| What the exercise asks |
Your answer is the lines below, exactly, from the one that contains "Fig. 6. Histopathological" through the one that contains "Flashcards | Quizlet", both included.

| Records shown |
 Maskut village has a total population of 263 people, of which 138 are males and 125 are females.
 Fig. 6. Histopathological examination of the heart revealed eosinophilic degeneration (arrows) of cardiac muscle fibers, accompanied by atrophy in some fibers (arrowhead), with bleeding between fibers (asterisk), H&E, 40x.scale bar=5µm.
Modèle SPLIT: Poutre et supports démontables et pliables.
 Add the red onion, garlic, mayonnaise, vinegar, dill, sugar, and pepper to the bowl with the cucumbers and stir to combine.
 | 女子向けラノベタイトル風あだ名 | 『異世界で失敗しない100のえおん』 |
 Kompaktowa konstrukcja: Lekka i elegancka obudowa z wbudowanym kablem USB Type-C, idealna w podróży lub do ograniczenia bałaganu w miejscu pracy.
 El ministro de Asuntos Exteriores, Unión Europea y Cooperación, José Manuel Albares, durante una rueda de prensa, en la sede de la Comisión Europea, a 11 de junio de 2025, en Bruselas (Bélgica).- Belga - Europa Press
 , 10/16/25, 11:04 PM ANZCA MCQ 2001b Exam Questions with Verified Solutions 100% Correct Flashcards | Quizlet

--

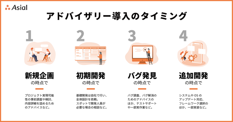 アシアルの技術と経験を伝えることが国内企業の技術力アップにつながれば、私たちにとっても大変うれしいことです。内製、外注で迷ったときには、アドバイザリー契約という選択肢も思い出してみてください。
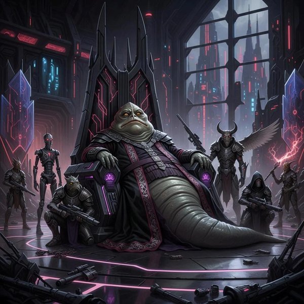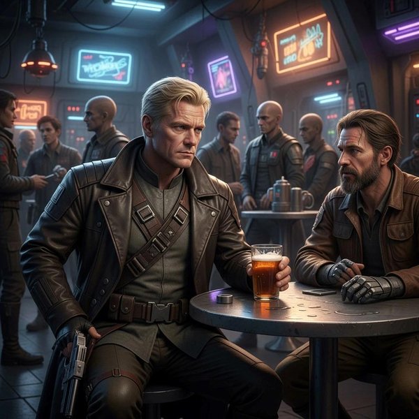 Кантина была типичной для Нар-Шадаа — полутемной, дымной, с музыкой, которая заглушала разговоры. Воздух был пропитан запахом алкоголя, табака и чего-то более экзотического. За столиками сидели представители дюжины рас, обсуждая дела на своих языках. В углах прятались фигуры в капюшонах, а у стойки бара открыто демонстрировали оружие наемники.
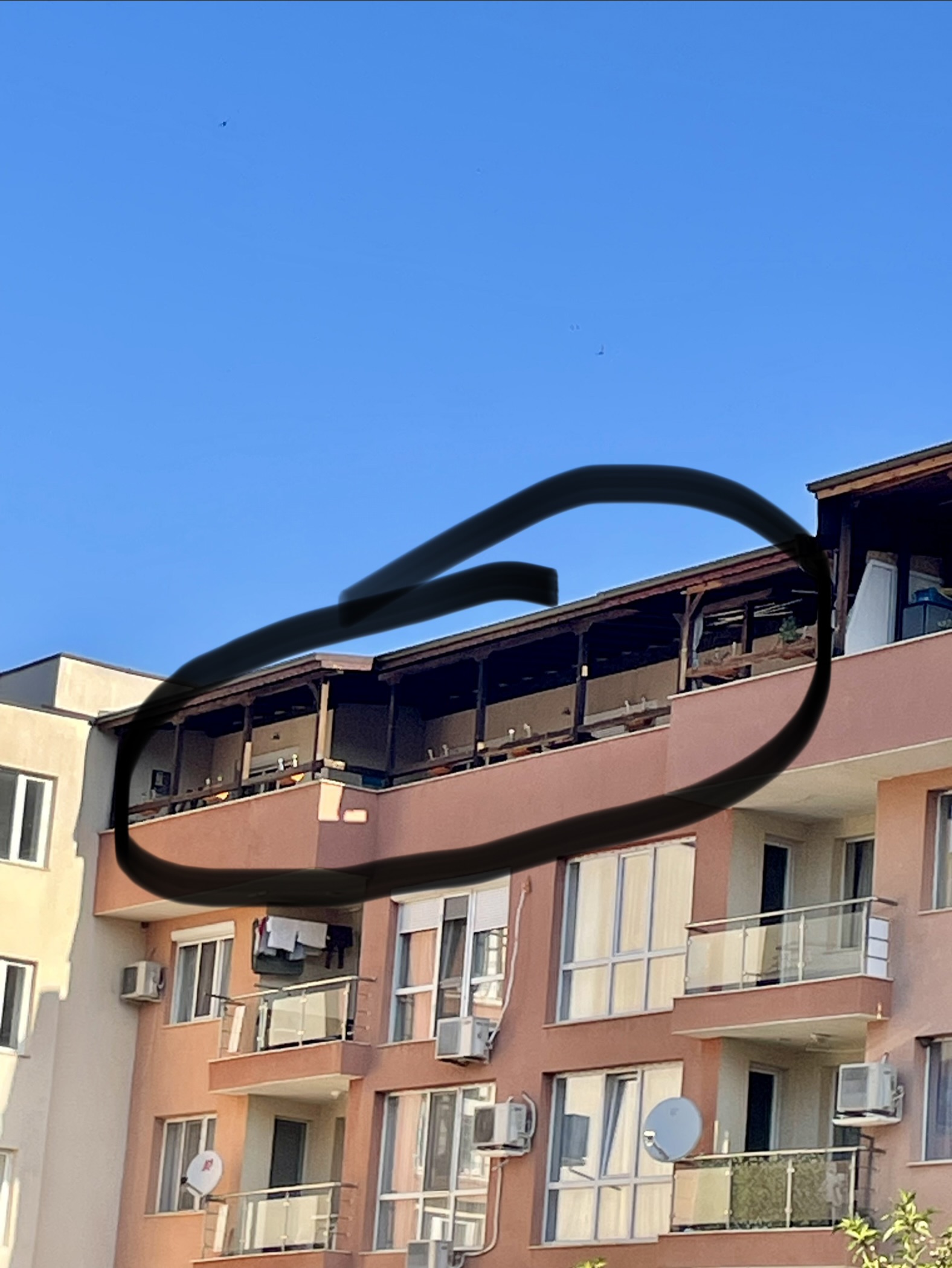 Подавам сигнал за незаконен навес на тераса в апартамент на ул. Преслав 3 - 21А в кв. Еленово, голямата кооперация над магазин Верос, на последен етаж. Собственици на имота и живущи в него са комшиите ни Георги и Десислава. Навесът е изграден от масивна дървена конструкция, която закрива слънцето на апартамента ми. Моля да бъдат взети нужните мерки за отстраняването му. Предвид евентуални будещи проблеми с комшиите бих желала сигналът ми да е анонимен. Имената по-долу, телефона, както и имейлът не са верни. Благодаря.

| Answer to this problem |
 Fig. 6. Histopathological examination of the heart revealed eosinophilic degeneration (arrows) of cardiac muscle fibers, accompanied by atrophy in some fibers (arrowhead), with bleeding between fibers (asterisk), H&E, 40x.scale bar=5µm.
Modèle SPLIT: Poutre et supports démontables et pliables.
 Add the red onion, garlic, mayonnaise, vinegar, dill, sugar, and pepper to the bowl with the cucumbers and stir to combine.
 | 女子向けラノベタイトル風あだ名 | 『異世界で失敗しない100のえおん』 |
 Kompaktowa konstrukcja: Lekka i elegancka obudowa z wbudowanym kablem USB Type-C, idealna w podróży lub do ograniczenia bałaganu w miejscu pracy.
 El ministro de Asuntos Exteriores, Unión Europea y Cooperación, José Manuel Albares, durante una rueda de prensa, en la sede de la Comisión Europea, a 11 de junio de 2025, en Bruselas (Bélgica).- Belga - Europa Press
 , 10/16/25, 11:04 PM ANZCA MCQ 2001b Exam Questions with Verified Solutions 100% Correct Flashcards | Quizlet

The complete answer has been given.